- Exercise prompt: Each record below must come back exactly as written; its pictures must not.

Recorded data
# # # # # # #
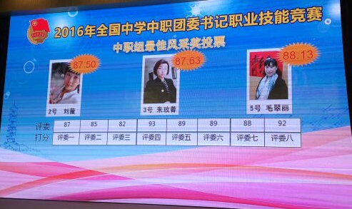 11月30日,由團中央學(xué)校部主辦、共青團海淀區(qū)委教育工委承辦的2016年全國中學(xué)中職學(xué)校團委書記職業(yè)技能競賽決賽,在北京理工大學(xué)附屬中學(xué)如期舉行。來自全國各地中學(xué)組和中職組的參賽選手們,通過專家評審和大眾評審?fù)镀?,產(chǎn)生了中學(xué)組和中職組冠、亞、季軍。經(jīng)過激烈角逐,來自遼寧朝陽工程技術(shù)學(xué)校的團委書記毛翠麗,一舉斬獲中職組冠軍。
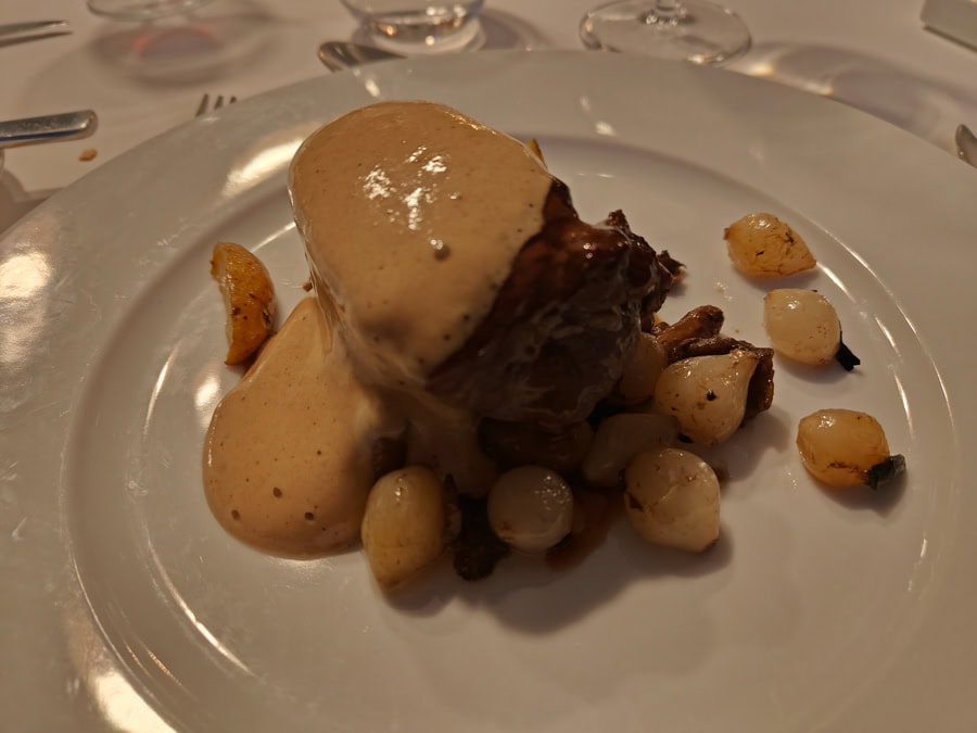 A seguire bistecca di vitello con crema di funghi e patate
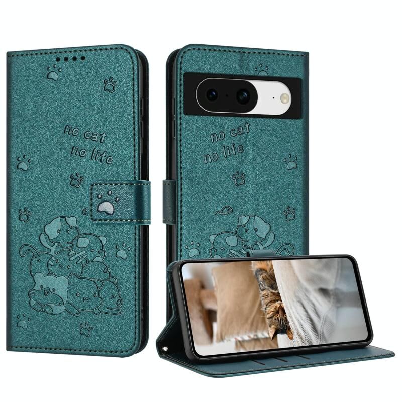 Θήκη δερμάτινη για Google Pixel 8 με ανάγλυφο γατάκι και κορδόνι (Μωβ)
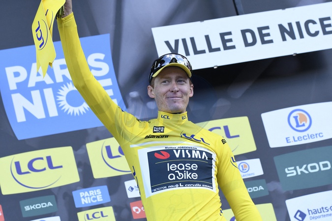l'Américain Matteo Jorgenson (Visma-Lease a Bike) remporte le classement général final du Paris-Nice 2024. © William Cannarella / Panoramic / Bestimage The American Matteo Jorgenson wins the 82nd edition of Paris-Nice and the Belgian Remco Evenepoel the last stage, on March 10th, 2024.
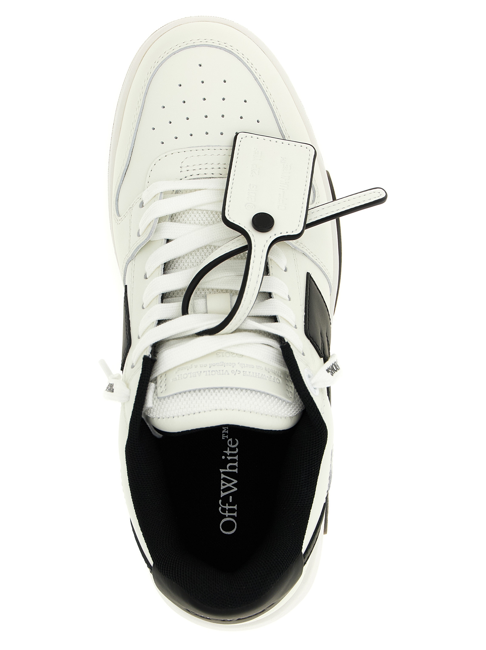 ‘Out Of Office’ leather sneakers, logo tag, contrast ‘Arrow’ side heel and logo, laces, rubber sole.
# # # # # # #
- Answer box:
 11月30日,由團中央學(xué)校部主辦、共青團海淀區(qū)委教育工委承辦的2016年全國中學(xué)中職學(xué)校團委書記職業(yè)技能競賽決賽,在北京理工大學(xué)附屬中學(xué)如期舉行。來自全國各地中學(xué)組和中職組的參賽選手們,通過專家評審和大眾評審?fù)镀?,產(chǎn)生了中學(xué)組和中職組冠、亞、季軍。經(jīng)過激烈角逐,來自遼寧朝陽工程技術(shù)學(xué)校的團委書記毛翠麗,一舉斬獲中職組冠軍。
 A seguire bistecca di vitello con crema di funghi e patate
 Θήκη δερμάτινη για Google Pixel 8 με ανάγλυφο γατάκι και κορδόνι (Μωβ)
l'Américain Matteo Jorgenson (Visma-Lease a Bike) remporte le classement général final du Paris-Nice 2024. © William Cannarella / Panoramic / Bestimage The American Matteo Jorgenson wins the 82nd edition of Paris-Nice and the Belgian Remco Evenepoel the last stage, on March 10th, 2024.
 ‘Out Of Office’ leather sneakers, logo tag, contrast ‘Arrow’ side heel and logo, laces, rubber sole.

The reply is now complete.